Love this thread. I am living vicariously through your work 

Seriously I would love the time and the skills to do something like this. In the meantime keep us informed.


----------



## ausTT

this is the EXACT reason i love cars - i to live thorugh people like you - my mechanical skill and knowledge is pish - and see thsi develop with all of the custom parts etc is truly a great read - keep the updates coming

Superb


----------



## Charlie

Matt B said:


> Love this thread. I am living vicariously through your work
> 
> Seriously I would love the time and the skills to do something like this. In the meantime keep us informed.


+1 I have the utmost respect for your ability and tenacity 

Charlie


----------



## ajb100

thanks alot guys

but to show i cock up, im at castle combe till fri, and have baught another 3m more of cds roll cage tubing, then realised im in the golf, so currently trying to come up with a way of getting it back to bucks without having to cut it.

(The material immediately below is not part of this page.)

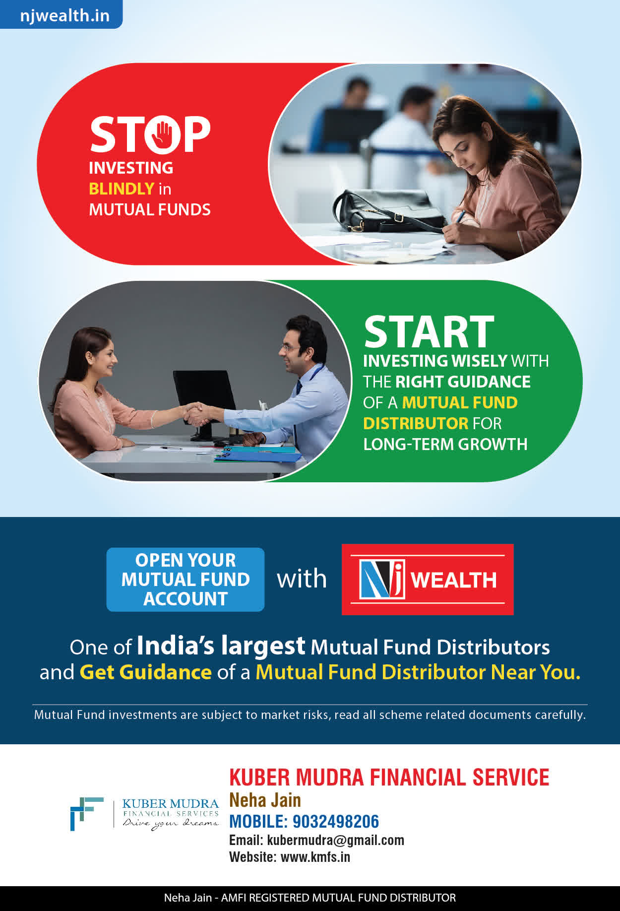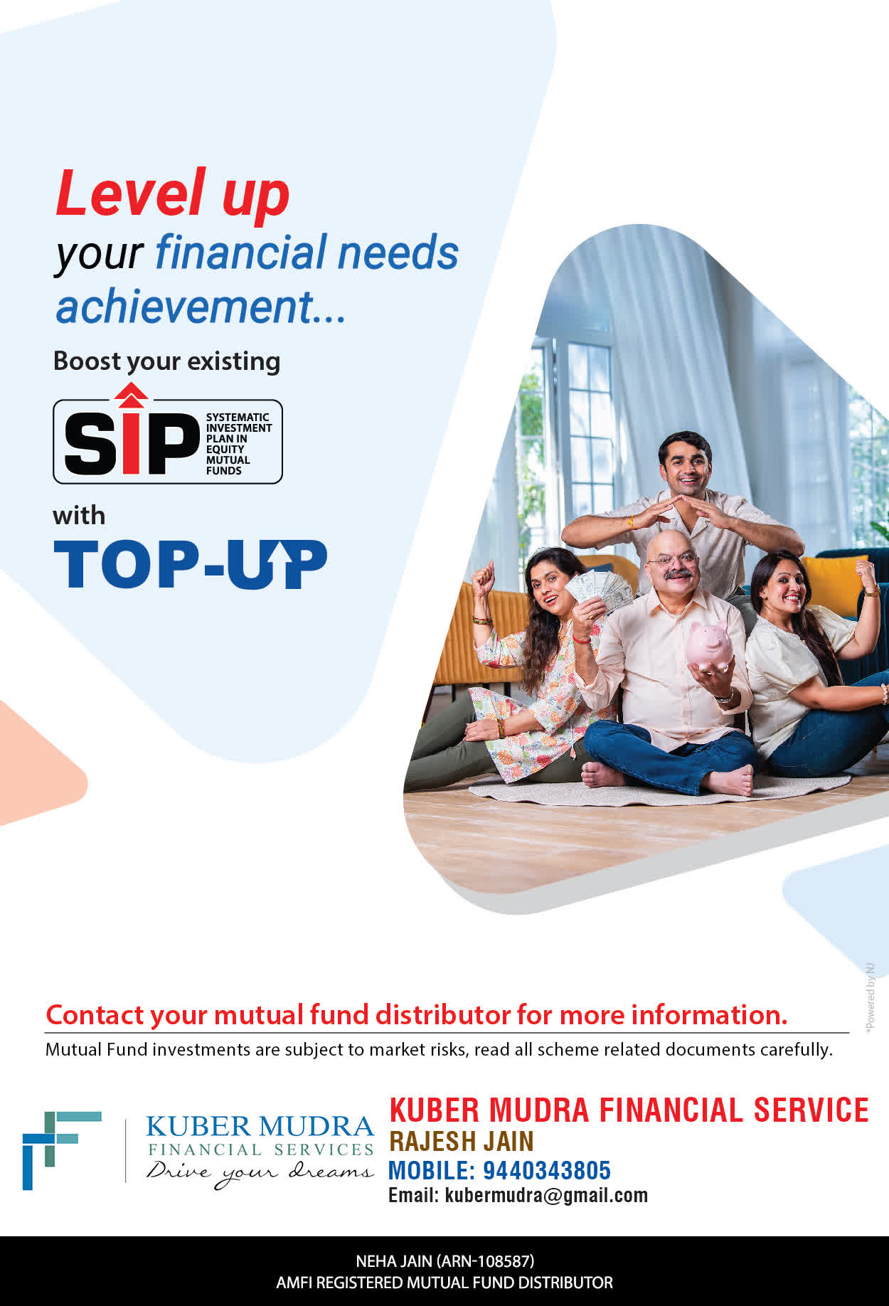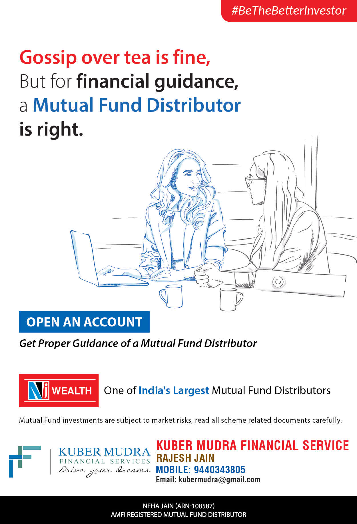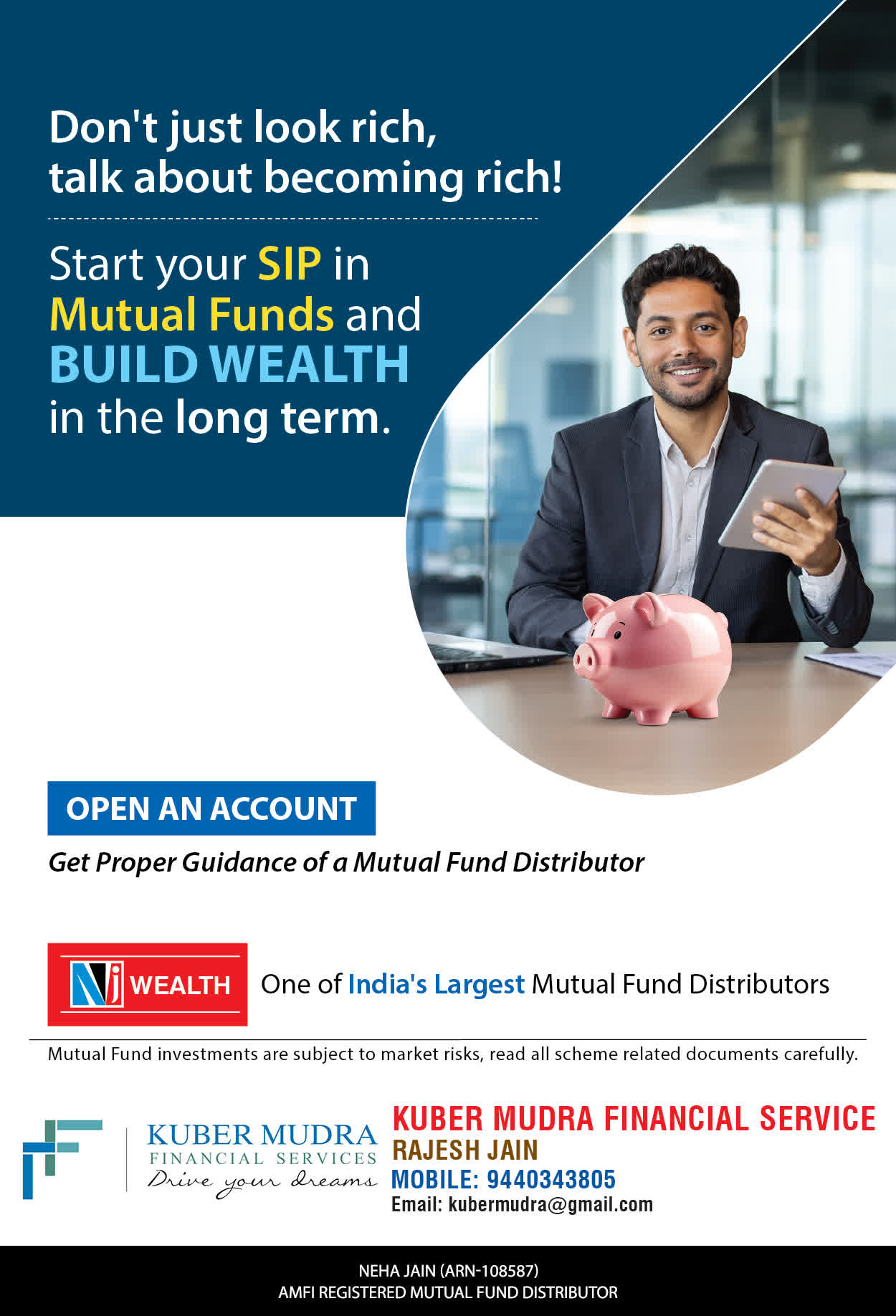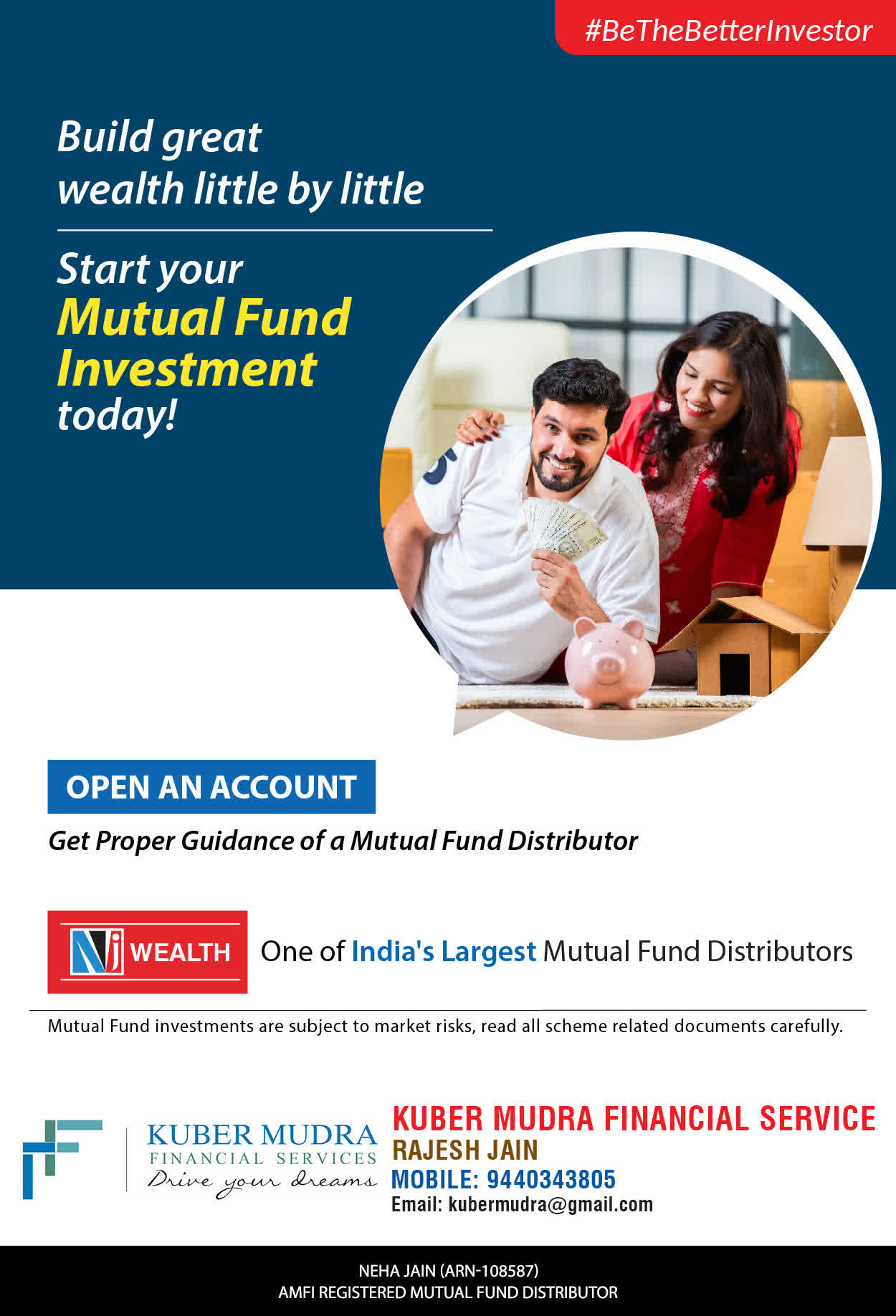 The Name KUBER MUDRA FINANCIAL SERVICES itself describes the very nature & goal we want to achieve for our Clients. Yes, our mission is to provide our clients with the best solutions in wealth creation and wealth management. We believe in first making our clients Financially literate. Earning after learning is the ultimate result. Our approach is to enable our client's to understand their investments, have knowledge of investment products and that they make proper progress towards achieving their financial goals in life.

this is for a bit of modifying to the custom cages design as there were a few things i didnt like and thought should be put in place. some of these will have to wait untill the car is more complete, but some can be done now while its at the workshop

i got a call this morning saying that the cage was pretty much done in the custom cages form so i want to see it as much as you guys


----------



## roddy

ajb100 said:


> thanks alot guys
> 
> but to show i cock up, im at castle combe till fri, and have baught another 3m more of cds roll cage tubing, then realised im in the golf, so currently trying to come up with a way of getting it back to bucks without having to cut it.
> 
> this is for a bit of modifying to the custom cages design as there were a few things i didnt like and thought should be put in place. some of these will have to wait untill the car is more complete, but some can be done now while its at the workshop
> 
> i got a call this morning saying that the cage was pretty much done in the custom cages form so i want to see it as much as you guys


can you not put it on the roof


----------



## ajb100

well, went to see the car today and its a bit further behind schedule than id thought, but oh well but is looking awesome.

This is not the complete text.